> Problem description: Using the material below, print the line that contains "Calças de alfaiataria", the line that contains "Als nach längerem", and every line in between, exactly and nothing else.

[Dataset extract Boundary: Start]

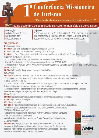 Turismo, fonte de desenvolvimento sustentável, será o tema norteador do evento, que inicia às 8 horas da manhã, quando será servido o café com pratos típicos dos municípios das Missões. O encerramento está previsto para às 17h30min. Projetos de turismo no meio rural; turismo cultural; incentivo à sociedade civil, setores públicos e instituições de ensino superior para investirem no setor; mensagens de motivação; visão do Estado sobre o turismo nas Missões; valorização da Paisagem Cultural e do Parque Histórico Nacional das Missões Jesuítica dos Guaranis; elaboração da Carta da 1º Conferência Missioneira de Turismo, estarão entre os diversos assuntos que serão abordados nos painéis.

[Dataset extract Boundary: End]
[Dataset extract Boundary: Start]

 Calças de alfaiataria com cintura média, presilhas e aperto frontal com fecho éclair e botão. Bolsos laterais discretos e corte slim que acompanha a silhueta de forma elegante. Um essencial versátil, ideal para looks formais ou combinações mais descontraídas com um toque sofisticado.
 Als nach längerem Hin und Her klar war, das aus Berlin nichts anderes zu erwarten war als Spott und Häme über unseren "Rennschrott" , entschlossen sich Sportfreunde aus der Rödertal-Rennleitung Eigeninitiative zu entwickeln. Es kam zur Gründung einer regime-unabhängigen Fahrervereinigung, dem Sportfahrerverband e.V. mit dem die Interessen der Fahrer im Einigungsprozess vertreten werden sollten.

[Dataset extract Boundary: End]

> Your response:
 Calças de alfaiataria com cintura média, presilhas e aperto frontal com fecho éclair e botão. Bolsos laterais discretos e corte slim que acompanha a silhueta de forma elegante. Um essencial versátil, ideal para looks formais ou combinações mais descontraídas com um toque sofisticado.
 Als nach längerem Hin und Her klar war, das aus Berlin nichts anderes zu erwarten war als Spott und Häme über unseren "Rennschrott" , entschlossen sich Sportfreunde aus der Rödertal-Rennleitung Eigeninitiative zu entwickeln. Es kam zur Gründung einer regime-unabhängigen Fahrervereinigung, dem Sportfahrerverband e.V. mit dem die Interessen der Fahrer im Einigungsprozess vertreten werden sollten.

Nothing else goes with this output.